The influencer
As one of the greatest musical educators once sang, let’s start at the very beginning. Dartington is the great-grandparent of music summer schools, and has clearly influenced all the other subsequent enterprises. It was founded at Bryanston School in 1948 in a blaze of post-war egalitarian optimism by William Glock, a pianist and music critic who later went on to become BBC Controller of Music. It was set up to offer professionals and skilled amateurs a chance to gather and work in convivial surroundings, and unlike many other post-war social experiments (fancy some nice concrete brutalism and high-rise social housing, anyone?) it has stood the test of time. This is all the more surprising considering Glock’s reputation for blacklisting contemporary composers who dared to write in a tonal and melodic idiom. What might have become a dry and arid niche school has flowered into a welcoming space for all musicians – conductors, composers and administrators, as well as performers on all instruments.

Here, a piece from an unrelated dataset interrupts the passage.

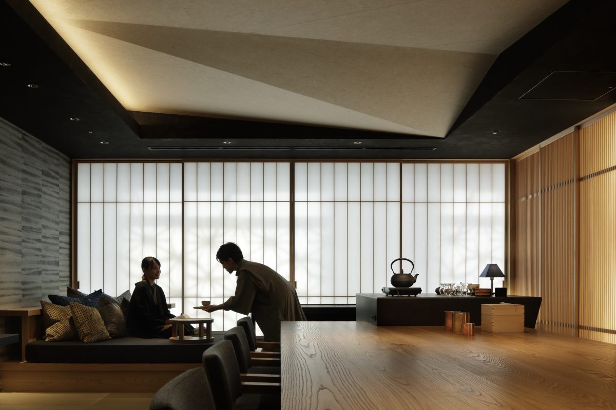 Every floor features a common lounge that is exclusive to guests staying on that floor. Most activity takes place in the ochanoma--a lounge that is seamlessly connected to every room on the floor via a tatami-matted corridor. Like in ochanoma at classic ryokans, a wide selection of refreshments--seasonal teas and confectionery during the day--are set out for guests to enjoy at different hours of the day. Guests are encouraged to treat this space as their own living room, where they may read a book, do some work, or relax and pass the time.

The school moved to Dartington Hall in 1953, and has remained there ever since. This beautiful medieval estate in Devon was purchased by a couple of wealthy philanthropists in 1925 to be a centre of artistic, agricultural, spiritual and social research, and the polymath ethos continues to this day, aided by the presence of the summer school.
It runs for four weeks (22 July-19 August), and is currently curated by the Radio 3 presenter and author Sara Mohr-Pietsch. Her aim has been to expand the opportunities for collaborative music making. Each week has a different flavour (from Medieval music, via Baroque, to Classical and Contemporary, roughly in chronological order) so the main piano offerings this year are in weeks three and four. They include tuition classes with Florian Mitrea (pictured, top) and Ivana Gavrić, and a course on accompanying singers with pianist Anna Tilbrook and tenor James Gilchrist. Keyboardists wishing to explore the world of the harpsichord could check out the classes with Jane Chapman in week one as well. And as Mohr-Pietsch explained to me when I spoke to her, her aim in the festival is to boost collaborative music making, so that all participants are encouraged to try something new as well: joining a folk choir, for example, or composing a film score. If that floats your boat, then Dartington is the place for you.